FIG. 12 illustrates a graph showing an output voltage and a discharging current of another example of a level shifter.

In FIG. 12, a dotted line represents an output voltage and a discharge current of a level shifter in FIG. 4, and a solid line represents an output voltage and a discharge current of a level shifter. As illustrated in FIG. 12, the bits HD [0:2] B transition from the third voltage VDD to the fourth voltage VSS at a time point t31. The transition of the bit HD [2] B is completed at a time point t32 after the transition of the bit HD [1] B and the bit HD [0] B is completed. Accordingly, the analog signal AD outputted from the DAC 220 (FIG. 2) is dependent on the bit HD [2] B with a lowest slew rate. Since the discharge current ID [2] is not limited, a time point t32 may be substantially the same as the time point t2, which is a transition completion timing of the bit HD [2] B in FIG. 4.

The discharge currents ID [1] and ID [0] may be limited to different current amounts LC1 and LC0. Due to limitations of the discharge currents ID [1] and ID [0], slew rates of the bit HD [1] B and the bit HD [0] B may be lower compared to the implementation of FIG. 4. In addition, due to a limitation in the discharge current ID [0], a slew rate of the bit HD [0] B may be lower compared to the implementation of FIG. 9. Since capacity of an input capacitor of a transistor connected to the output terminal OUTb of inverter 1113b that outputs the lower bit HD [0] B is smaller than capacity of an input capacitor of a transistor connected to the output terminal OUTb of inverter 1112b, which outputs the middle bit HD [1] B, the discharge current ID [0] may be limited to a smaller current amount than that of the discharge current ID [1]. A maximum value MC1 of the total discharge current IDG2 flowing through the wire applying the fourth voltage VSS may be less than or equal to the reference value TLC by limiting amounts of discharge currents ID [1] and ID [0],

Accordingly, ground bouncing due to the total discharge current IDG2 may be reduced. This may reduce an impact on the buffers 1110a, 1110b, and 1110c that receive the same fourth voltage VSS and a noise caused to an interface that is physically adjacent to the wire that supplies the fourth voltage VSS.

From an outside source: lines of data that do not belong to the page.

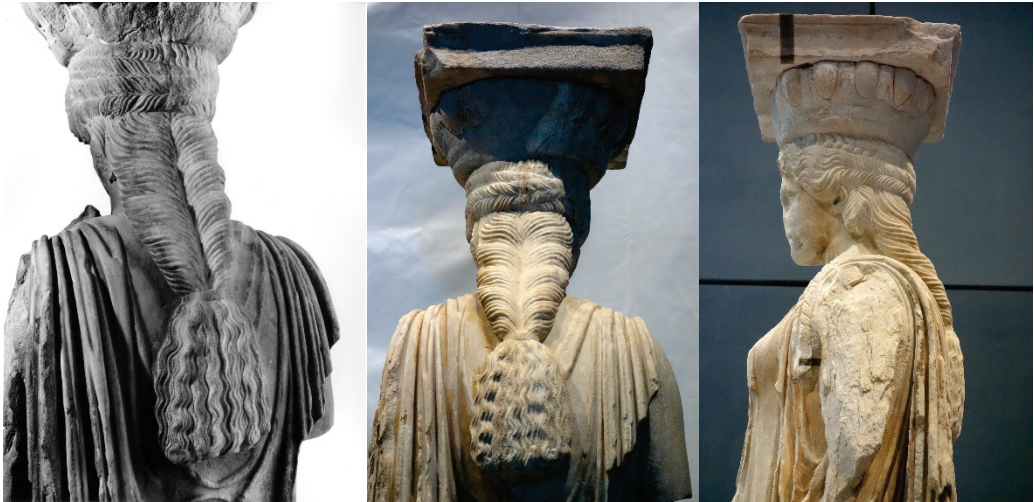
Image 10: Kore A. Black and white photo ©1970. Courtesy of Deutsches Archäologisches Institut-Athens, inv. neg. no. 70/437, photo, Goesta Hellner. Colour photos © 2014. The Acropolis Museum. Photos by K.A. Schwab

the shoulders, adding to the richness of the hairstyle in combination with the back-pinned mantle and belted peplos.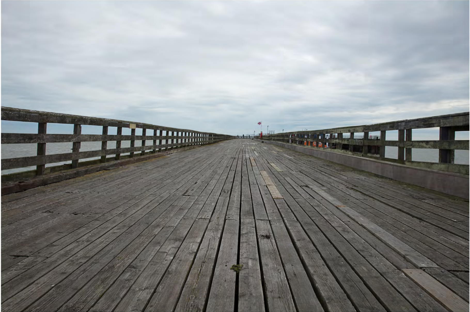
Walton Pier, October 2017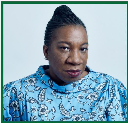
Keynote speaker and #MeToo movement founder Tarana Burke (left).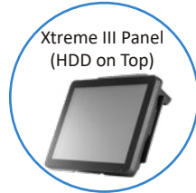
Xtreme III Panel (HDD on Top)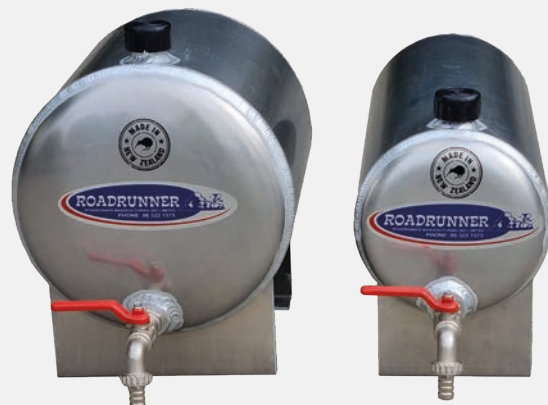
WT-02 & WT-01 Water Tanks.

Get a quote or place order: www.roadrunnerltd.co.nz /shop/water-tanks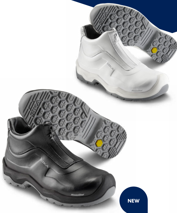
202510 / FRONT

SPECIAL FEATURES: With zip and elastic over instep. Metal free.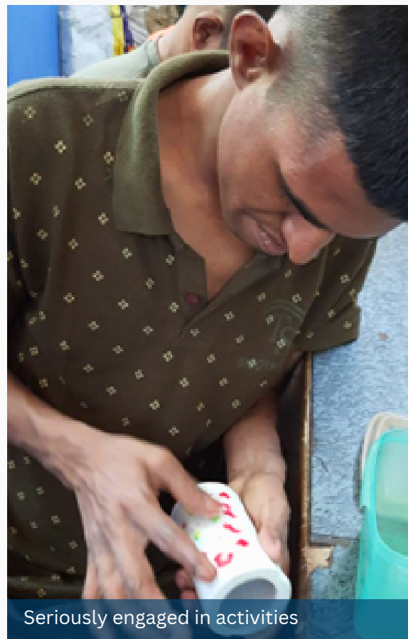
Seriously engaged in activities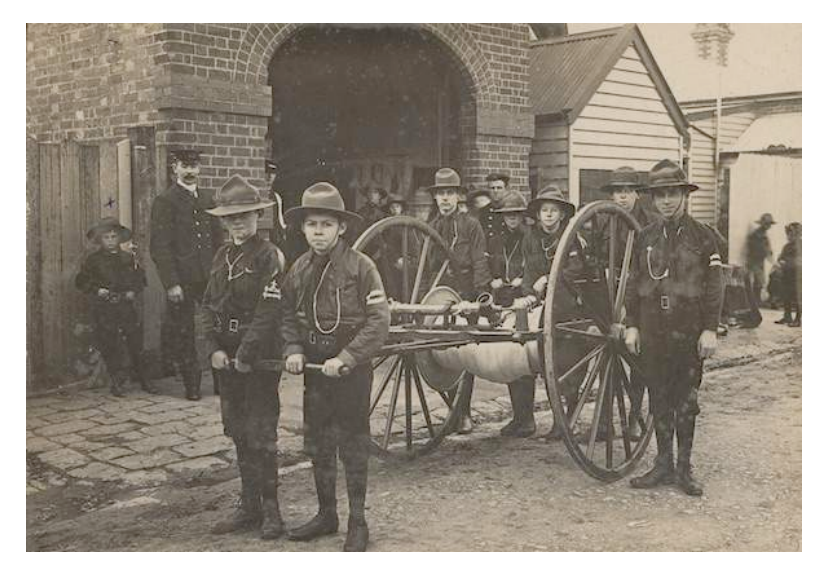
Fire Drill, Kew Fire Station, before 1919.

1st Kew Scouts undertaking a fire drill in front of the old Kew Fire Station in Walton Street. The Kew Fire Brigade had hand-drawn fire appliances up until 1919 when a motorised vehicle was purchased. The Walton Street fire station, which had been built in 1893, was replaced by the Belford Road station in 1941, and subsequently demolished.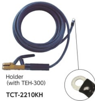
Holder (with TEH-300)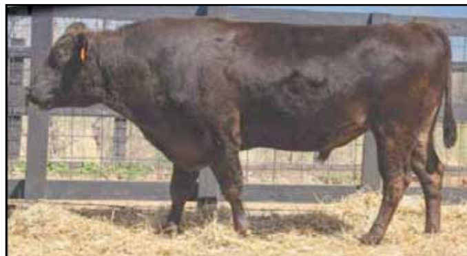
SIRE AA10 Well balanced pedigree for breeding stock or meat production. Dam comes from Crescent Harbor Ranch program. Maternal Brother to sire MFC Itomoritaka 0-41.

WORLD K'S SHIGESHIGETANI [WORLD K'S HARUKI 2 x WORLD K'S SUZUTANI] STUD HIKO 417 LMR MS ITOZURUDOI 8164U [ITOZURU DOI x CF 503]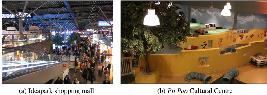
Fig. 1: Deployment locations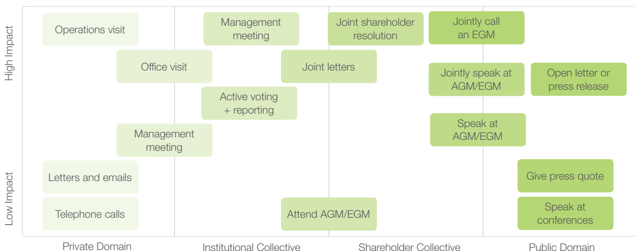
Figure 4. Engagement as a tool for positive change: a variety of instruments. 17

Recent academic research shows that successful engagement dialogue is not only correlated with positive returns on assets, but it also increases communication, learning and internal relationships for investors and companies. 15 In 2012, Ceres, a sustainable business and investor network, found that 50% of the resolutions resulted in commitments to action from the subject companies and more than 75% of those commitments were fully or substantially fulfilled. 16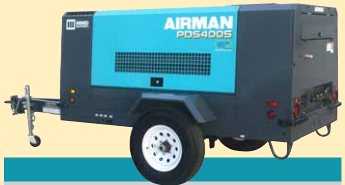
PDS400S-6C3 400 scfm • Tier 3 Flex Isuzu Diesel Engine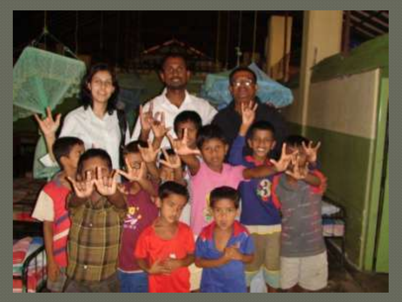
Children now enthusiastic about education

FIG. 13 illustrates a block diagram showing another example of a level shifter.

As illustrated in FIG. 13, a plurality of level shifters 1310 and 1320 are included in different amplifier areas (132a, 132b, . . . , and 132h in FIG. 1). Each of the level shifters 1310 and 1320 is connected to a different source line SL. Each of the level shifters 1310 and 1320 receives 3-bit image data (LD1 [2:0]/LD2 [2:0]), and outputs 3-bit decoded image data HD1 [2:0] A, HD1 [2:0] B/HD2 [2:0] A, HD2 [2:0] B. Each of the level shifters 1310 and 1320 is connected to the DAC 220 (FIG. 2), and outputs decode image data HD1 [2:0] A, HD1 [2:0] B/HD2 [2:0] A, HD2 [2:0] B to the DAC 220. A description of the level shifter 1300 that is the same or similar to the description of the level shifter 700 illustrated in FIG. 7 will be omitted.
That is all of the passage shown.